I have read these threads with interest for the last 15 years thinking someday my Norcold was going to fail and I would have to replace it with a residential or another propane electric. I dry camp 95% of the time and tried to compare costs going to residential. What I have gleaned from these discussions is that I would have to add 2 more batteries, at least another 100 amp battery charger maybe more if I wanted to reduce generator time, a pure sine wave inverter to run the residential, some solar and all the cabling to keep the 4 6 v GC batteries healthy not sure If I missed anything. My question is what would all this cost vs a new Norcold if one had to pay someone to do all this work?

One advantage of a $1000 Samsung refer is it does not need a PSW inverter because the compressor is DC but it’s 7” taller than a 1200. Both can go through the MIs door with their doors off. I’m planning on 4-5 hours to do this swap for a fellow RVer this weekend. This assumes there will not be much woodwork involved.

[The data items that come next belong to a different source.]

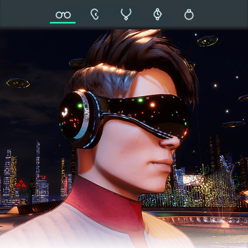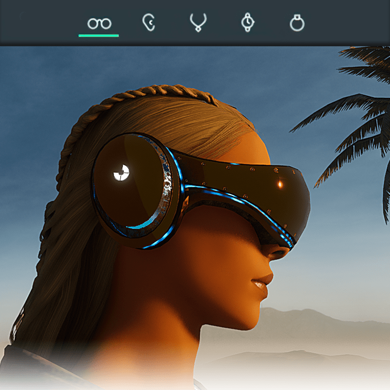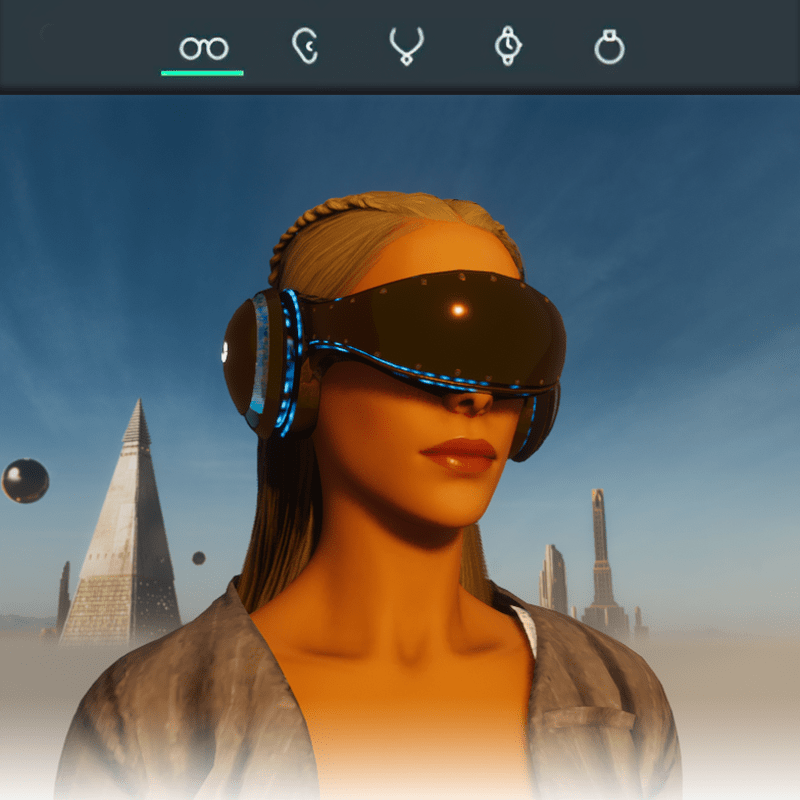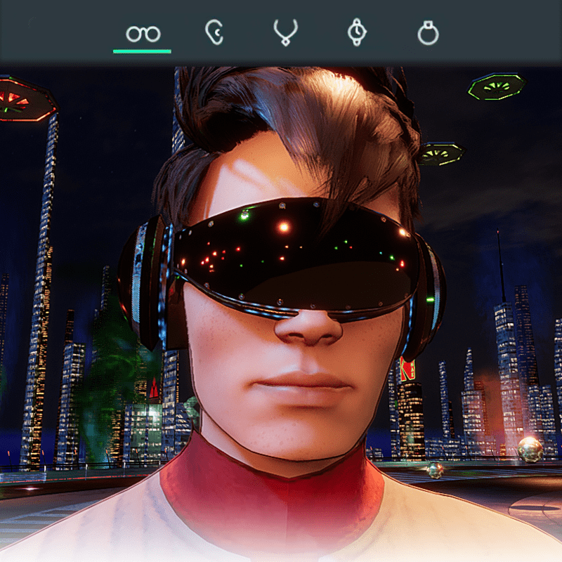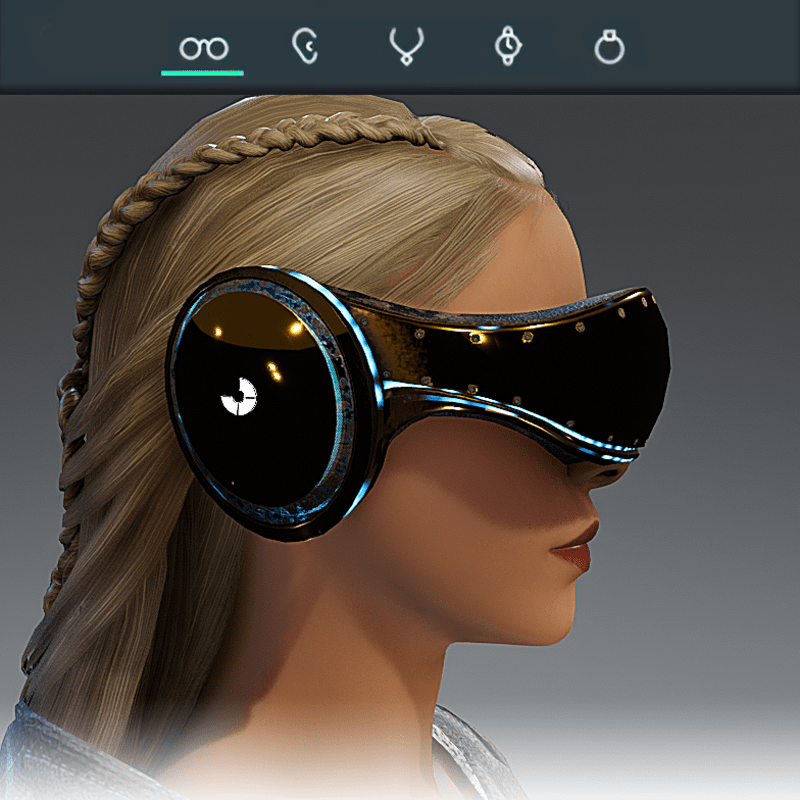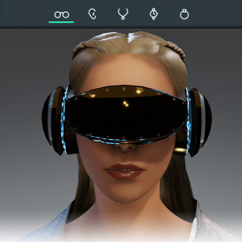 Visionary Design for a VR Headset exclusive for the Sansar Metaverse. These Vr Glasses do not mess up your avatar's hair. Minimal and Elegant Design. Vr glasses with headphones. Chrome Texture. Animated lights Inside. Unisex. Matches with all humanoid avatars. No need for adjustments for the default 2.0 Avatar of Sansar.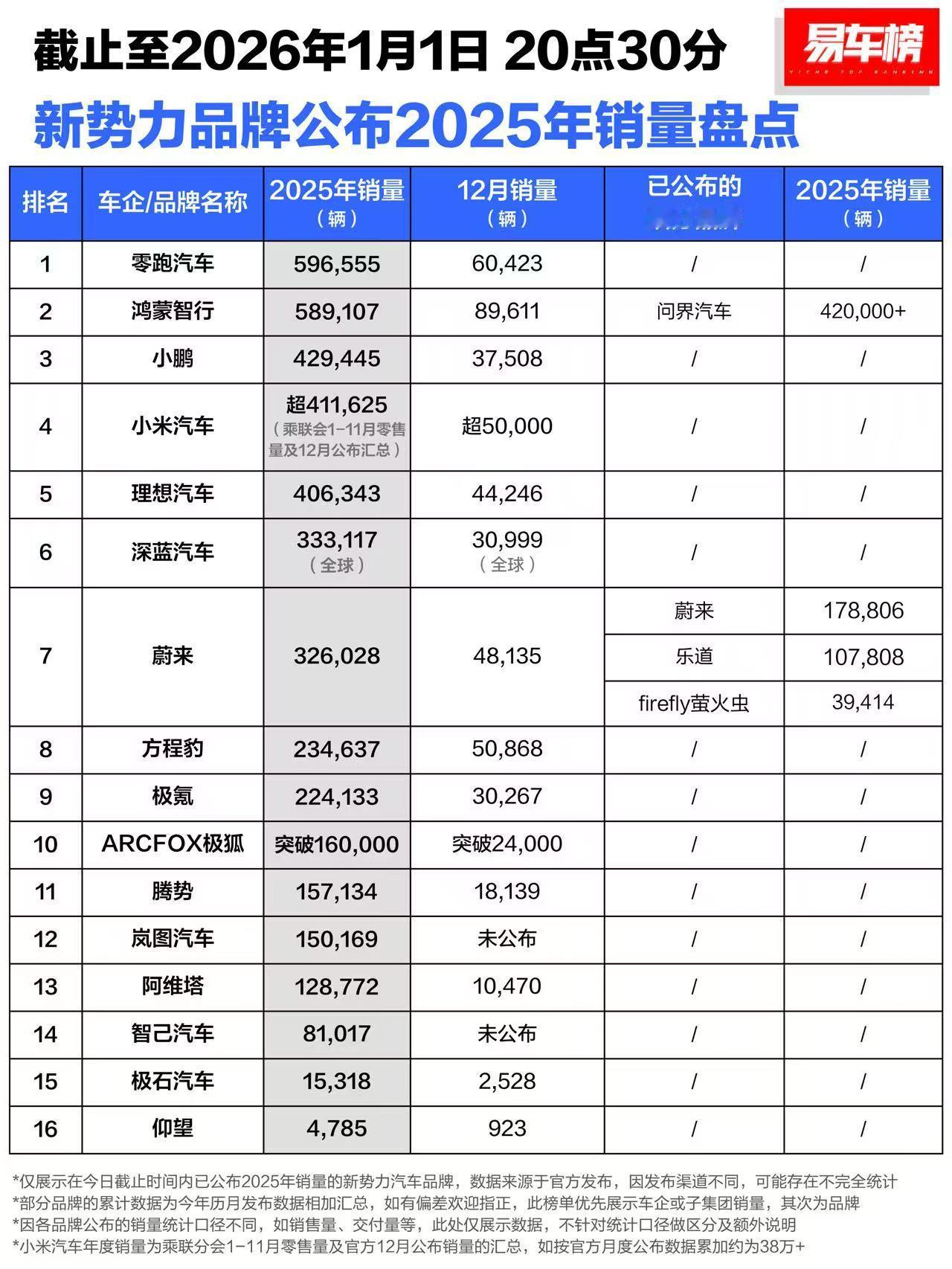 2025车圈淘汰赛初见端倪,在国产新能源车大繁荣背景下,各造车新势力都有着不菲的成绩,零跑是毫无争议的第一,鸿蒙智行今年给了不小的惊喜,小鹏成为“造车三兄弟”中的老大,真是风水轮流转,今年大开花啊!小米、深蓝、方程豹都在创新高,2026你又看好哪家新势力呢?(图:易车网)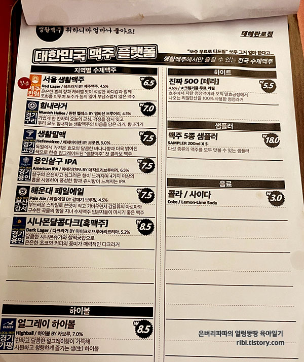몇 번 방문했었는데, 이번 방문에서야 정확한 이름을 알게 된 생맥주~ㅋ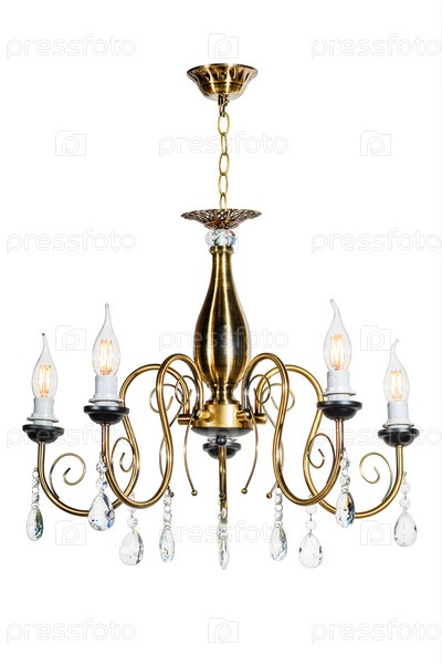 Подвесная потолочная люстра на пять ламп. С лампочками в форме свечей. Изолированные на белом фоне
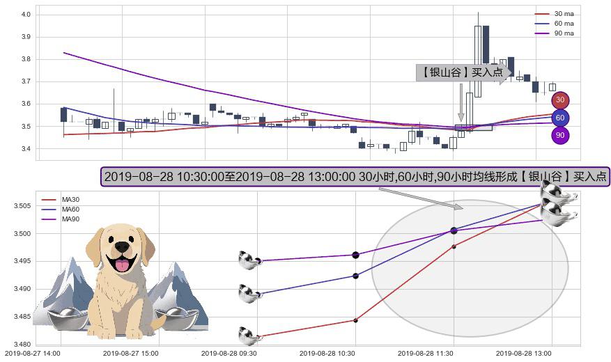 形态多维评估: ⚀ 2019-08-28 11:30:00-小时至2019-08-28 13:00:00-小时显现 30小时-60小时-90小时均线 【银山谷】买入点 看多信号,后市看涨,买入

I put in a 21 cuft Whirlpool myself that I hoped would fit perfectly (ended up 1/2” to tall)...$500 refer, 2 batteries $300, 1000W PSW inverter $300, 100A charger $250..:$1350. Had to bring it in the drivers window because it is not counter depth. Probably had 10-12 hours labor.


This post is my opinion (free advice). It is not intended to influence anyone's judgment nor do I advocate anyone do what I propose.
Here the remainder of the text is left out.